Cancer management is undergoing a profound transformation. Precision medicine has led to significant advancements in tailoring the treatment of each tumor based on its molecular characteristics at the DNA level.
MSInsight aims to tackle the daily challenge healthcare providers face: decoding a complex biomarker at the patient’s DNA level, representative of a family of common cancers called Microsatellite Instability (MSI) cancer.
The detection of the MSI biomarker dramatically guides patient care and therapeutic choices toward an effective new treatment—immunotherapy. Indeed, oncologists need access to trusted insights to tailor their clinical decisions, which MSInsight can provide.
Nowadays, this diagnostic is systematically recommended for any newly identified tumor, regardless of the origin of the cancer tissue (pan-cancer). It also aids in the early detection of familial predispositions to develop this type of cancer (Lynch syndrome).

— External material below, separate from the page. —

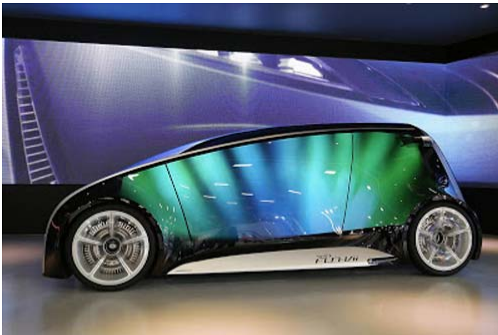
Toyota 概念車 Fun-Vii，重量只有 600kg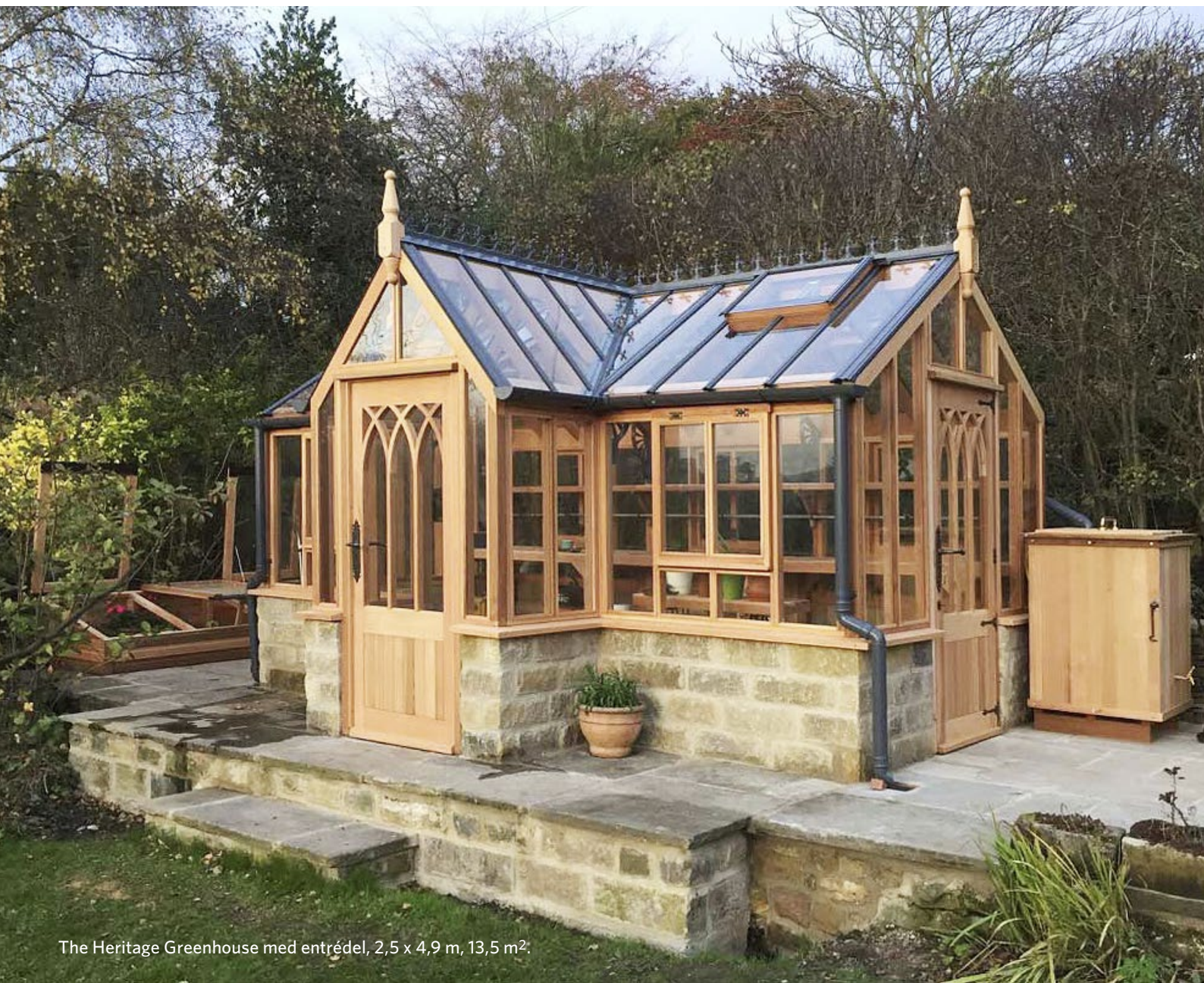
The Heritage Greenhouse med entrédel, 2,5 x 4,9 m, 13,5 m 2 .

In clinical practice, this widespread adoption requires suitable methodologies to perform large-scale screening with high precision in pan-cancer that could potentially impact 13 million individuals worldwide yearly. And the current reference tests fall short of current needs.

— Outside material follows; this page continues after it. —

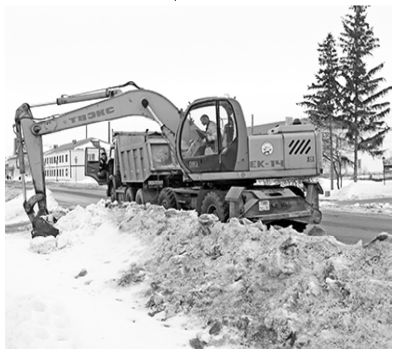
* На уборке снега

Introducing a Novel Bioinformatics Platform
At MSInsight, we are shaping the future of MSI diagnosis, harnessing the potential of a high-throughput DNA analysis technology: Next-Generation Sequencing (NGS). NGS is already routinely used in clinics for other genomic biomarkers than MSI and promises to be highly efficient in evaluating MSI. However, the interpretation of the generated genomic data relies on sophisticated algorithms, and those currently available are not precise enough, resulting in diagnostic errors in up to 30% of cases, leading to dramatic consequences for patients.
In collaboration with a reputed research team in the field of MSI cancer (Inserm), extensive work has been done to understand the reasons behind the poor performance of current tests and propose new, clinically validated, and highly reliable algorithms.
We are developing MSIcare, a software incorporating state-of-the-art bioinformatics algorithms derived from our groundbreaking research. By analyzing genomic data obtained by clinical laboratories, MSIcare identifies MSI with unparalleled precision, whether from patient tumor tissue or a blood sample, and in ALL cancer types. The next stage of development will encompass the regulatory studies and certification of MSIcare, as an in vitro diagnostic medical device.
Our Ambition: To Become the One-Stop Shop MSI Diagnostic Solution
We strive to become the leading player in NGS-based MSI diagnostics, covering the entire patient journey from early detection to treatment response prediction. Our goal is to support healthcare professionals by providing reliable patient-specific information that will help monitor their patients and support their medical decision-making.
MSInsight initially targets the NGS oncology genomic testing market, estimated at $12 billion. MSInsight has significant growth potential, as the future lies in the widespread use of MSI diagnosis regardless of the stage of the disease and the tumor type, the democratization of NGS in clinical routine, and substantial investment by biopharmaceutical industries in immunotherapies targeting MSI cancers. Ultimately, our solutions will benefit hundreds of thousands of individuals worldwide, directly improving their care.
MSInsight will operate on a B2B model, engaging directly with the hospital and private NGS laboratories, specialized genomic service providers, and biopharma companies. The company has formulated a competitive pricing strategy rooted in a value-based approach. To broaden our market and reach more customers, MSInsight will collaborate with strategic distribution partners.
We anticipate achieving a revenue of over €22 million by 2030, deploying MSIcare initially in Europe and North America, and then Asia. Our strategy aims to expand into other markets with complementary applications, such as companion diagnostic tests by biopharma partnerships and genetic tests for hereditary MSI cancers.
How confident are we?
We rely on a solid medical foundation, as exposed below :
We genuinely tackle the shortcomings of market leaders. Our understanding of MSI detection complexity is robust. Independent publications and clinical demonstrations underscore our superiority to existing solutions. We have established collaborations with eminent research institutes and hospitals in the field, enabling access to unprecedented data collection for developing our models. We have partnered with diverse expert service providers for technological development, regulatory compliance, and prototyping. The current installations in labs are the bedrock of our legitimacy and are open to attractive perspectives.
Industry professionals recognize our project and take pride in it. It has garnered prizes and grants, including winning the 25th i-Lab award (€ 250k grant), progressing to the final stage of the EIC Accelerator, as well as awarding an extra €1.3 million grant to our research partner dedicated to our collaborative efforts.